This necessitates using an image size that is not too large to be too computationally intensive to train, but large enough to fully fit reasonably
sized structures, i.e., drug-like small molecules, into the image. Although structures themselves can be large the individual atoms and their relative connectivity may be contained within a small number of pixels regardless of the size of the overall structure. Thus, scaling an image too aggressively will result in important information being lost. To train a neural network that can work with both low and high quality images, we utilized an image size of 256x256 and scaled images to fit within this size constraint (bond
lengths resulting in approximately the 3-12 pixels range). Training a neural network over higher resolution images is an interesting research direction and may improve results, but was here left for future work.

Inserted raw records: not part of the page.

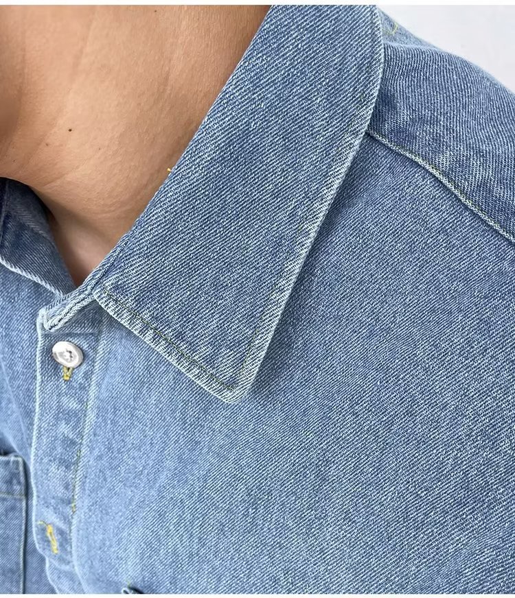 봄과 가을 일본 스타일 신선한 스타일 유행 작업복 긴팔 셔츠 남자 한국 스타일 올매치 느슨한 핸섬 데님 셔츠
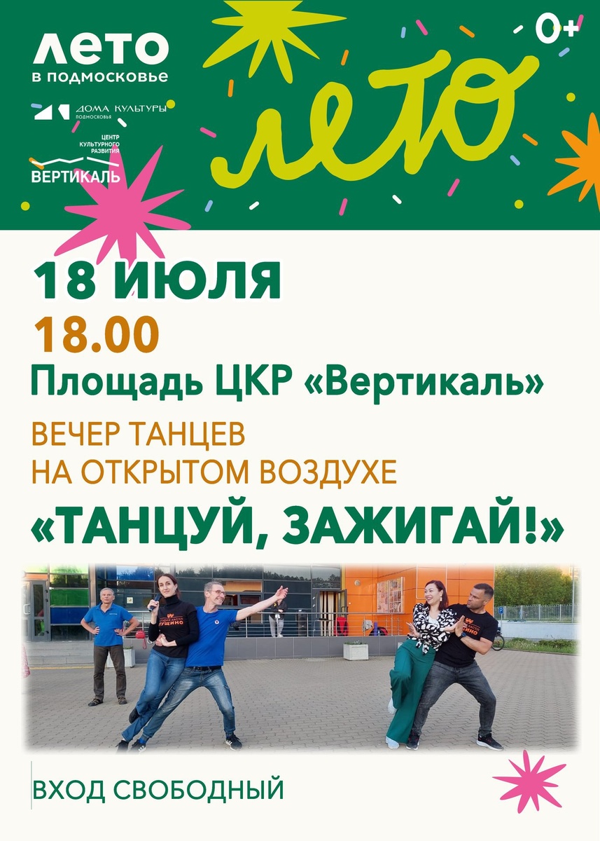 ✨ В Пущино вечер танцев «Танцуй, зажигай!» 😉 Танцевальная разминка — что может быть лучше после трудовой недели! Ждём на нашей площади всех, кто желает отдохнуть и провести это вечер в хорошей компании! 🚫 Возраст: 3+ 📆 18.07.2025 🕒 18:00 🏢 ЦРК "Вертикаль" г. Пущино 📍 г.о. Серпухов, г. Пущино, проспект Науки, 7 💰 Вход свободный❗️ #webСерпухов ⭐Разместить публикацию ⭐Поддержать канал голосом ✅ Мероприятия Серпухов https://dzen.ru/id/66f01c6eb4c6fe60c9ca1608 http://vk.com/serpukhov_events http://dzen.ru/serpukhov_events
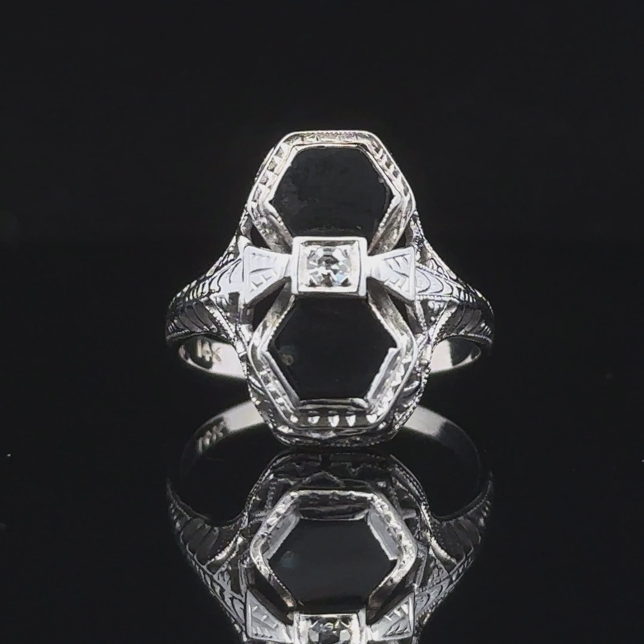 Scarlet White 14K Filigree Black Onyx & Diamond Ring

화학 구조는 크기가 크게 다르며 일부는 원자가 몇 개 밖에없는 작은 조각부터 천연물 또는 펩타이드 서열을 포함한 매우 큰 구조까지 다양합니다.
이렇게하려면 너무 크지 않아서 학습하기에 너무 계산 집약적이지 않지만 합리적으로 완전히 맞출 수있을만큼 충분히 큰 이미지 크기를 사용해야합니다.
크기의 구조, 즉 약물과 같은 작은 분자를 이미지에 삽입합니다. 구조 자체가 클 수 있지만 개별 원자와 상대적 연결은 전체 구조의 크기에 관계없이 적은 수의 픽셀 내에 포함될 수 있습니다. 따라서 이미지를 너무 공격적으로 조정하면 중요한 정보가 손실 될 수 있습니다. 저품질 이미지와 고품질 이미지 모두에서 작동 할 수있는 신경망을 훈련시키기 위해 256x256의 이미지 크기를 사용하고이 크기 제한 (결합
길이는 약 3-12 픽셀 범위가됩니다.) 고해상도 이미지를 통해 신경망을 훈련하는 것은 흥미로운 연구 방향이며 결과를 개선 할 수 있지만 향후 작업을 위해 여기에 남겨 두었습니다.

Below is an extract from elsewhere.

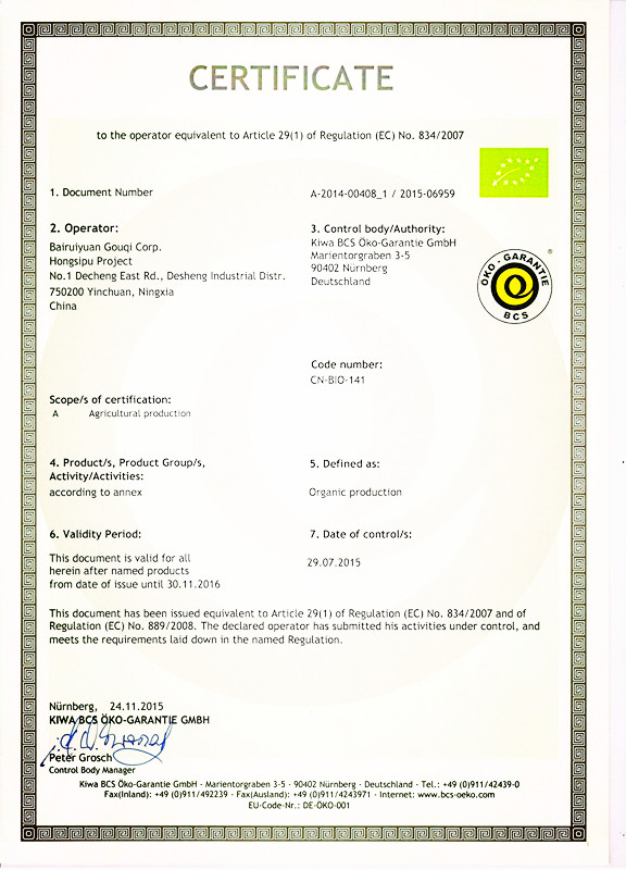伟德betvlctor1946源于英国红寺堡基地枸杞通过德国BCS有机食品认证
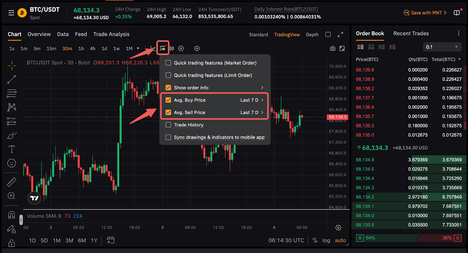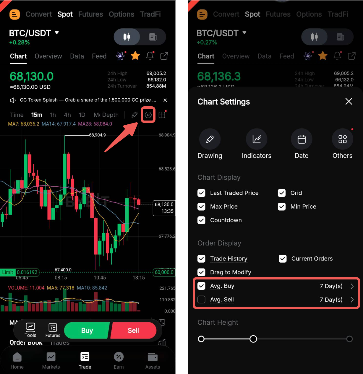 Saat melakukan perdagangan di Spot, Anda dapat menampilkan harga rata-rata order Jual dan Beli Anda secara langsung di grafik perdagangan. Untuk mengaktifkannya, klik ikon Tampilan dan centang harga rata-rata yang ingin Anda lihat. Anda juga dapat memilih periode yang akan dijadikan dasar perhitungan rata-rata (7, 30, 60, atau 90 hari terakhir). Harap diperhatikan bahwa harga rata-rata akan dihitung dari hari ini hingga hari terakhir dari periode yang dipilih.

To ensure that the training data contained a variety of molecular image styles we used three separate datasets, each sampled uniformly during training. Additionally, we focused on drug-like molecules and imposed the following restrictions while preparing data and training the model:
● Structures with a SMILES length of 21-100 characters (a range that covers most drug-like small
molecules) were included, all others removed.
● Attachment placeholders of the format R1, R2, R3, etc., were included but other forms of
placeholder notation were not included.
● Enumeration fragments were not predicted or attached to the parent structure.
● Salts were removed and each image was assumed to contain only one structure.
● All SMILES were kekulized and canonicalized.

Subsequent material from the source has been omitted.